= About this exercise =
Could you restate word for word only the lines below from the one holding "(2) Loosen the" to the one holding "-. Title : White", inclusive, and leave out the pictures?

= Record excerpts =
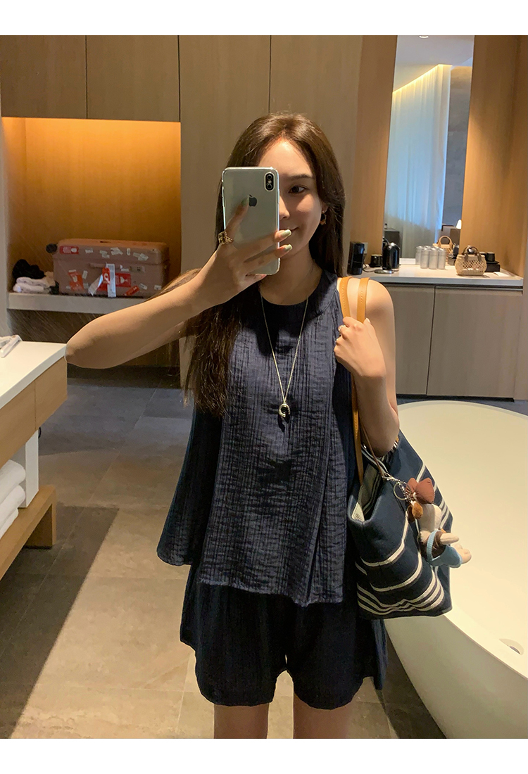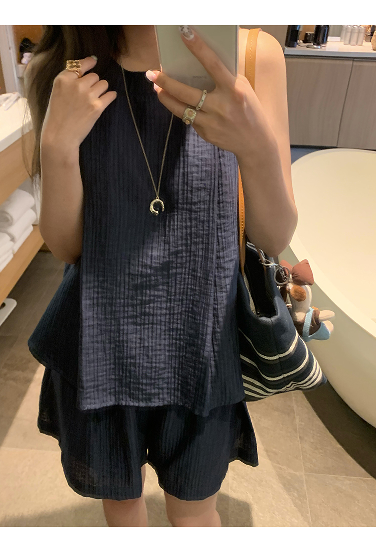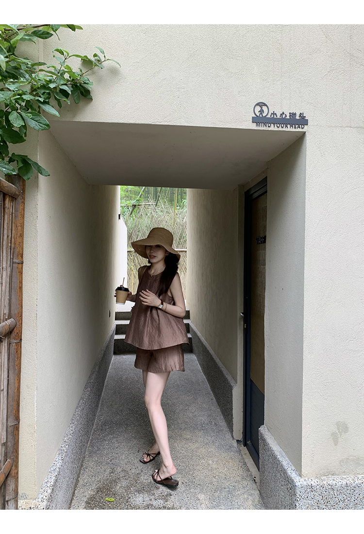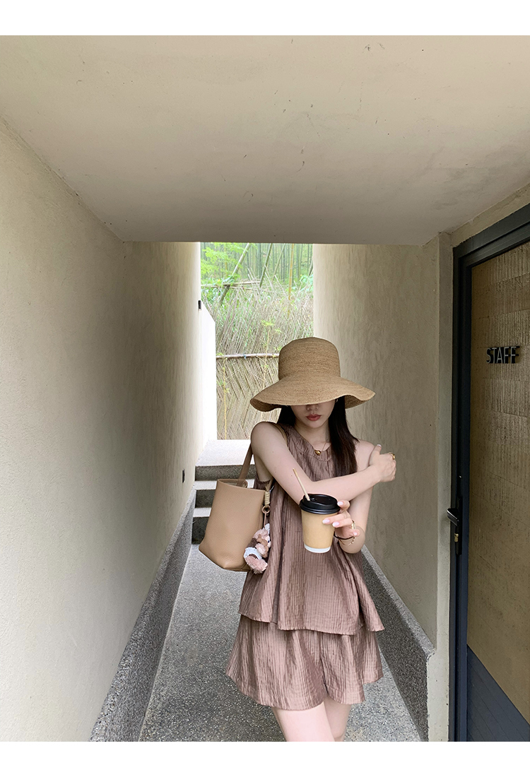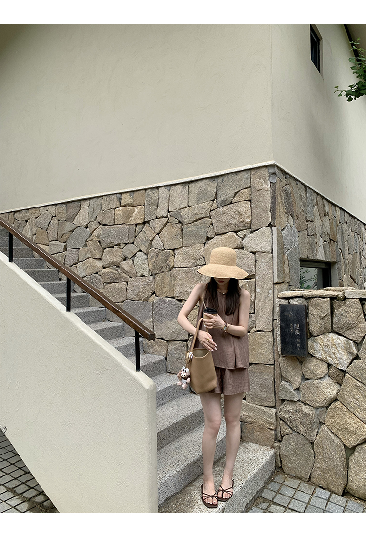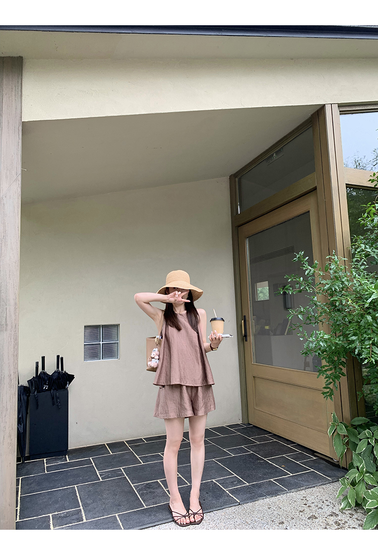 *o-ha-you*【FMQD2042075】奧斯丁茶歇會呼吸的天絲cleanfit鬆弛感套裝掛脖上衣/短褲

...

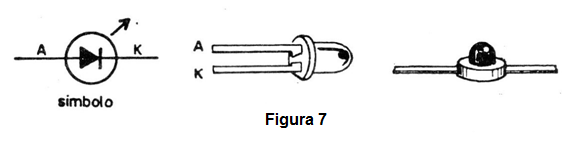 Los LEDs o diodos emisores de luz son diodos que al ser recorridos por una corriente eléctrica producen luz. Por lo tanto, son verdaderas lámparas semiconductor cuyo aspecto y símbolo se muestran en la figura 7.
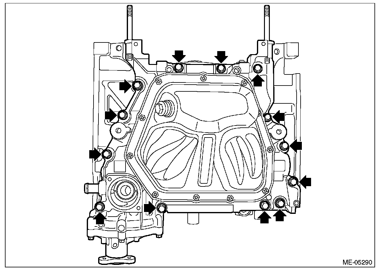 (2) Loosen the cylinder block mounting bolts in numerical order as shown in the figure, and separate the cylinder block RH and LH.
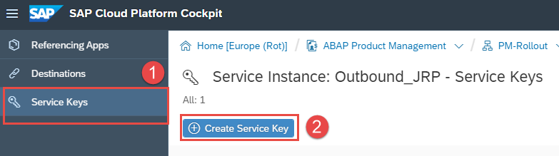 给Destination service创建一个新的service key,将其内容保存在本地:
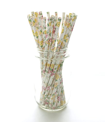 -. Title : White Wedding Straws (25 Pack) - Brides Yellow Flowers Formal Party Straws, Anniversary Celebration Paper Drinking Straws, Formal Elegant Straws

* * *

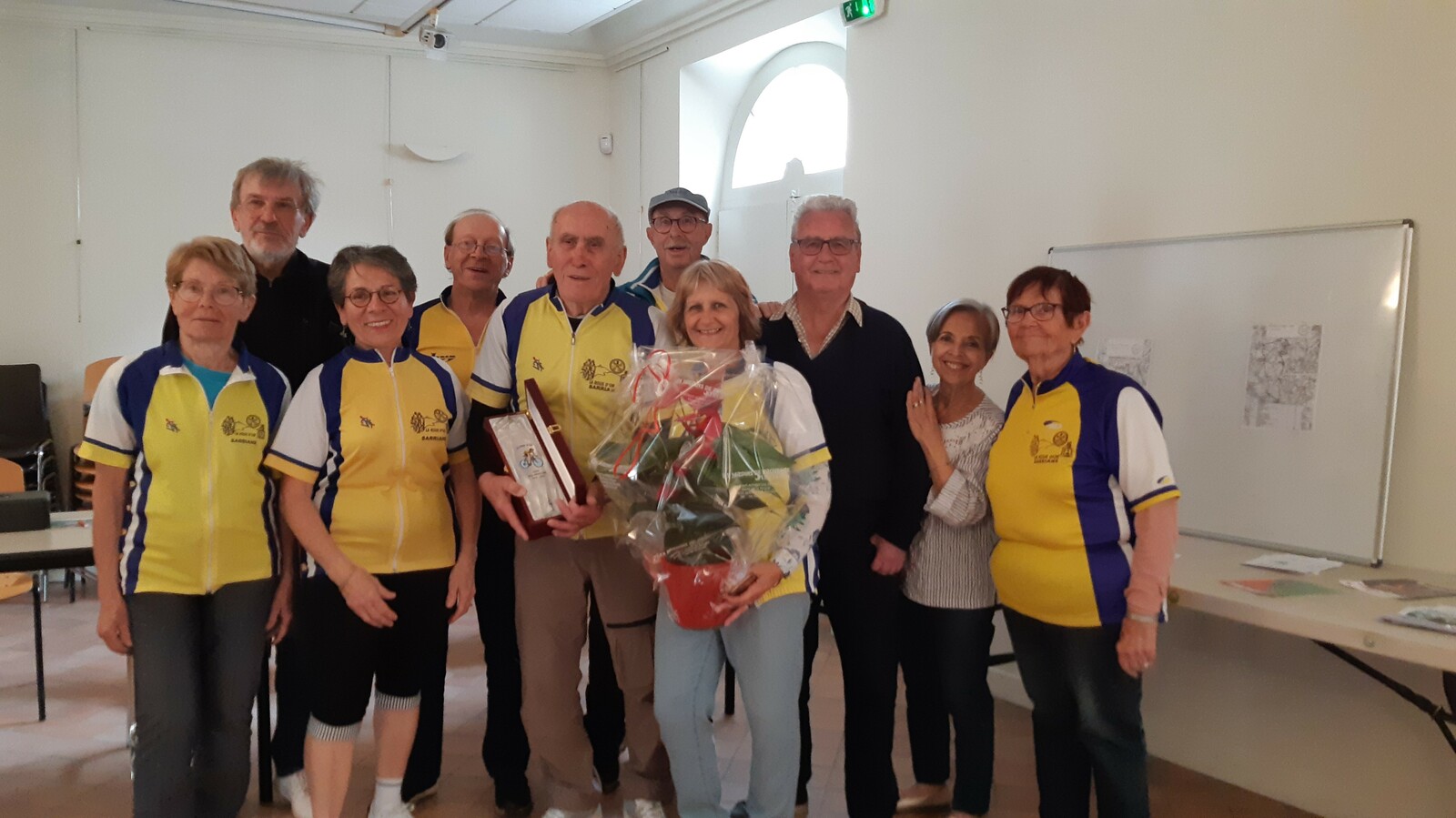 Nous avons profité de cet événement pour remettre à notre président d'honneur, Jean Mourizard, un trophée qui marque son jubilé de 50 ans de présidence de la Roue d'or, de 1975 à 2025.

= Solution for this problem =
 (2) Loosen the cylinder block mounting bolts in numerical order as shown in the figure, and separate the cylinder block RH and LH.
 给Destination service创建一个新的service key,将其内容保存在本地:
 -. Title : White Wedding Straws (25 Pack) - Brides Yellow Flowers Formal Party Straws, Anniversary Celebration Paper Drinking Straws, Formal Elegant Straws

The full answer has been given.